- Zaheer in The Legend of Korra.
- First appearance: "A Breath of Fresh Air" (2014)
- Last appearance: "Beyond the Wilds" (2014)
- Created by: Michael Dante DiMartino Bryan Konietzko Tim Hedrick
- Voiced by: Henry Rollins (2014) Aeric Azana (2026)

In-universe information
- Gender: Male
- Occupation: Red Lotus leader
- Significant others: P'Li (girlfriend; deceased)
- Bending element: Airbending (after Harmonic Convergence);
- Hair color: Black and grey
- Eye color: Dark brown

= Zaheer (The Legend of Korra) =

Character from "The Legend of Korra"

Zaheer is a fictional character in Nickelodeon's animated television series The Legend of Korra (a sequel to Avatar: The Last Airbender). He serves as the main antagonist of Book Three: Change, and his actions have lingering effects on Avatar Korra and the series' plot in the following book. The character was created by Michael Dante DiMartino and Bryan Konietzko and is voiced by Henry Rollins. The character was well received by critics as a complex and intimidating villain.

==Character overview==
Zaheer was born after the Air Nomad genocide and grew up as a non-bender, a person who does not possess the ability to manipulate one of the four classical elements. However, he became fascinated with the Air Nomad culture and airbending philosophy from a young age and studied it rigorously; by adulthood, he was one of the few experts on the subject outside of Avatar Aang's descendants and students and an ardent spiritual follower of Guru Laghima, a legendary airbender who attained the power of independent flight. This expertise brought him into contact with an offshoot of the White Lotus society that came to believe that the Avatar must promote absolute freedom, not balance, as the driving force of world politics. This new society, the Red Lotus, collected masters of each element and plotted to kidnap the next Avatar as an infant and become his or her guiding philosophers and bending instructors; Zaheer was both a prominent member and the candidate to teach the new Avatar about airbending, even though he could not do so himself.
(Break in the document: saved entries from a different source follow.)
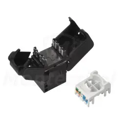 SXKJ-6-UTP-BK-SA to moduł RJ45 kategorii 6, umożliwiający szybki montaż bez użycia narzędzi. Obudowa wykonana z trudnopalnego tworzywa UL94-V0 i styki pokryte 50 µin złota gwarantują niezawodne działanie oraz wysoką odporność na zużycie. Moduł obsługuje transmisję danych do 5 Gbps i spełnia wymagania norm Cat.6/klasa E, a jego wymiary zapewniają kompatybilność z osprzętem wielu popularnych producentów.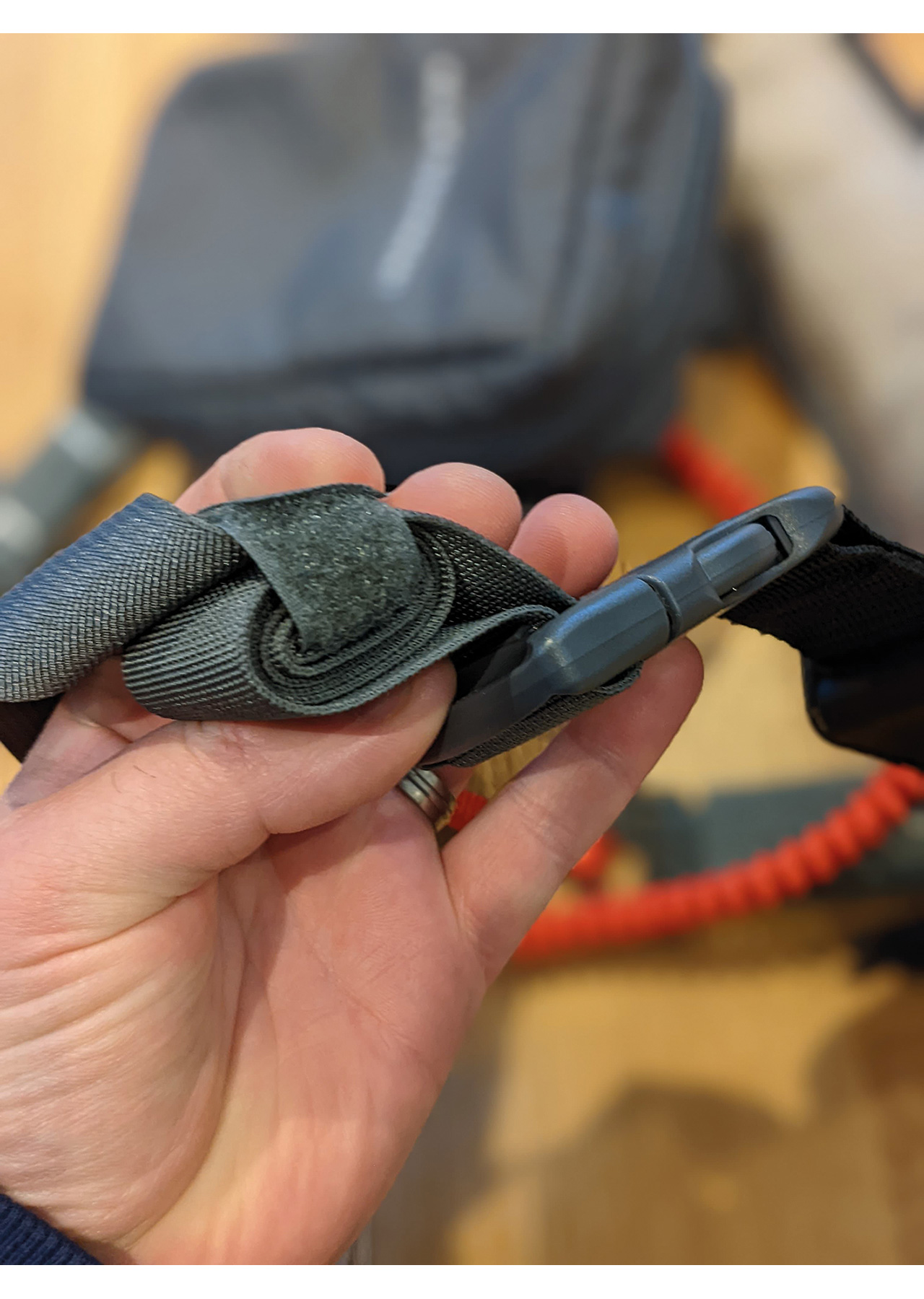 To the rear of the belt, the anchor point for the leash has also been changed; generally, belts have a large webbing loop to attach your standard coiled leash to. This belt does not allow you to do so but does offer a small loop that can be used with a paracord loop to attach to a standard leash if wanting to chop and change your leash for different environments. However, this review also includes Palm’s new quick leash designed for most SUP environments. I will come to that later.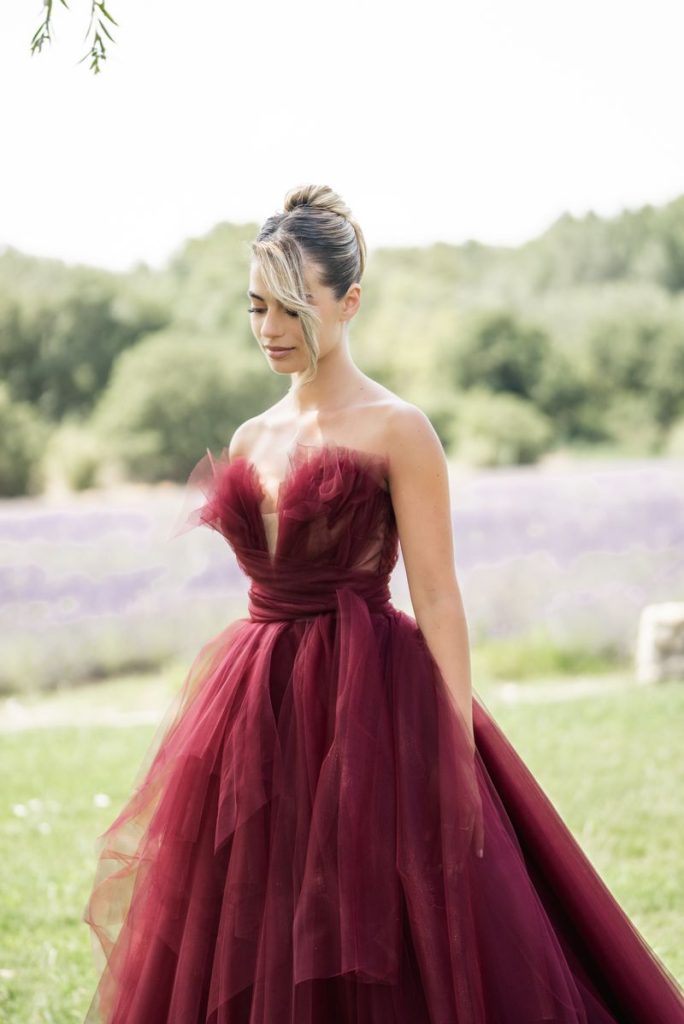 Robe de mariée bustier en tulle de couleur bordeaux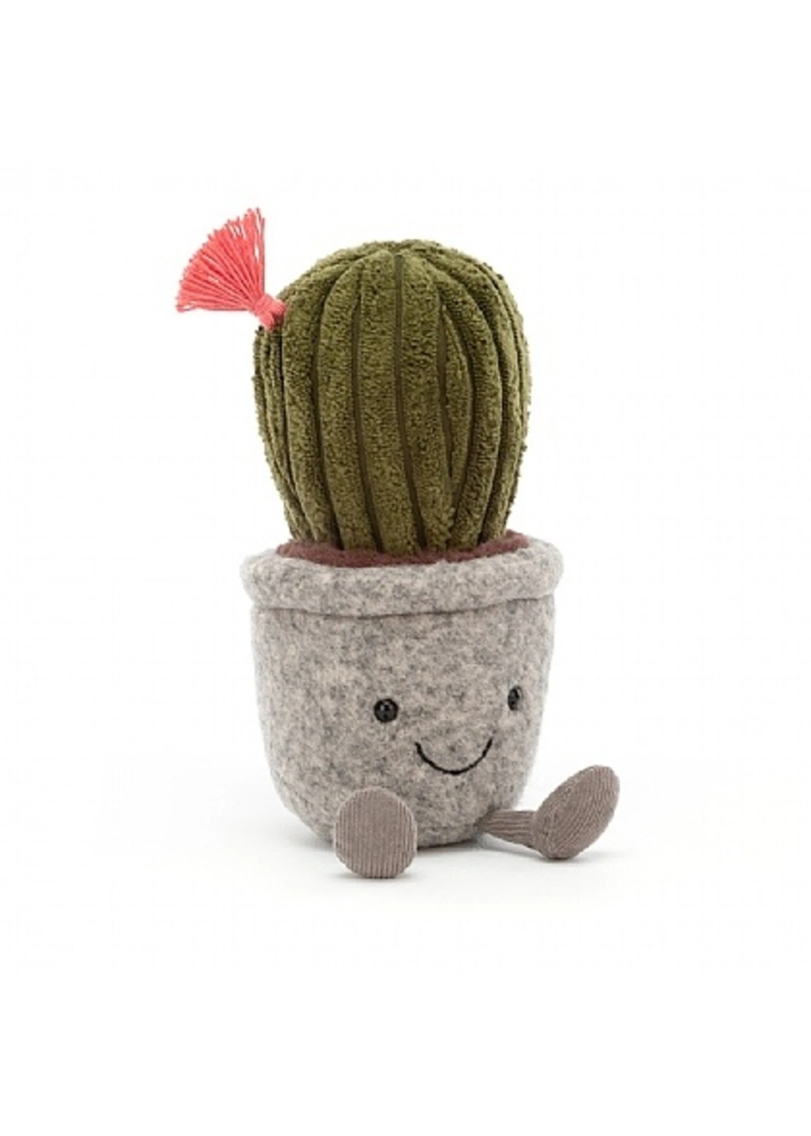 Silly Succulent Cactus is a dizzy desk plant with chunky green cordy fur and a snazzy coral tassel flower. With a mottled pot in soft grey felt, cocoa soil, little cordy legs and a great big smile, this cuddly cactus is the perfect workmate!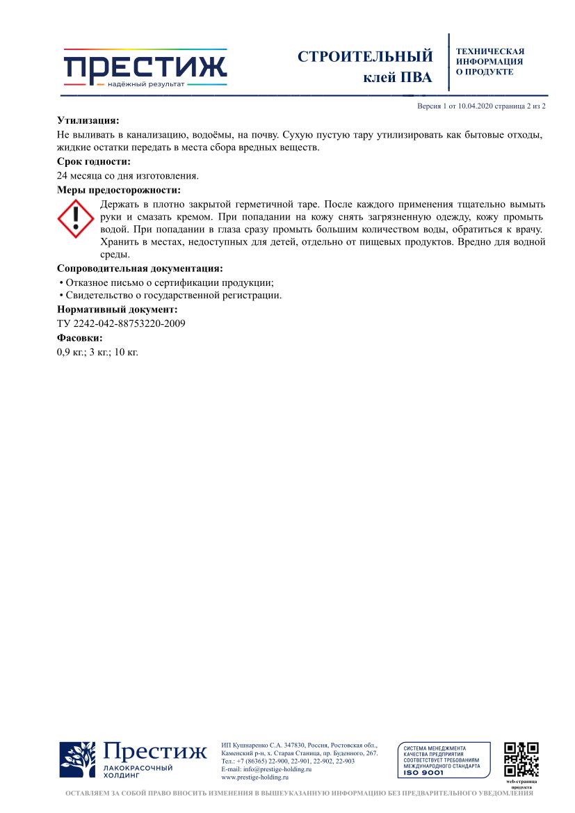 Клей ПВА строительный ПРЕСТИЖ 3кг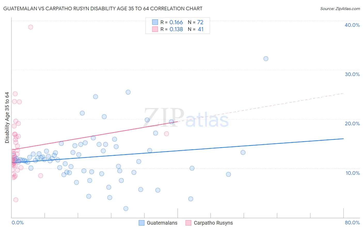 Guatemalan vs Carpatho Rusyn Disability Age 35 to 64 Correlation Chart

After failing in their attempt to abduct the new Avatar, Korra, as a toddler, all the present members of the Red Lotus were imprisoned in cells designed to block their bending; Zaheer was the exception as a non-bender, and was instead placed in isolation in a durable prison on a mountaintop. After Avatar Korra provided the catalyst for Harmonic Convergence during Book Two: Spirits, which connected the natural and spiritual worlds directly, Zaheer was one of many individuals who spontaneously gained the ability to airbend. In isolation, he quickly became proficient with the element and used his new abilities to engineer an escape. Shortly after, Zaheer freed each member of the Red Lotus in captivity and refocused their efforts towards convincing Korra to join them and seeking an anarchist overthrow of the existing kingdoms in the pursuit of 'total freedom' for all. For a short time, Zaheer disguised himself under the alias Yorru and joined the newly reformed Air Nation in an attempt to locate Korra; during this time, he easily impressed the other new and inexperienced airbenders, though his identity was eventually exposed both by his 'natural' ability, knowledge of Air Nomad culture and inability to provide details on his past, only narrowly escaping capture.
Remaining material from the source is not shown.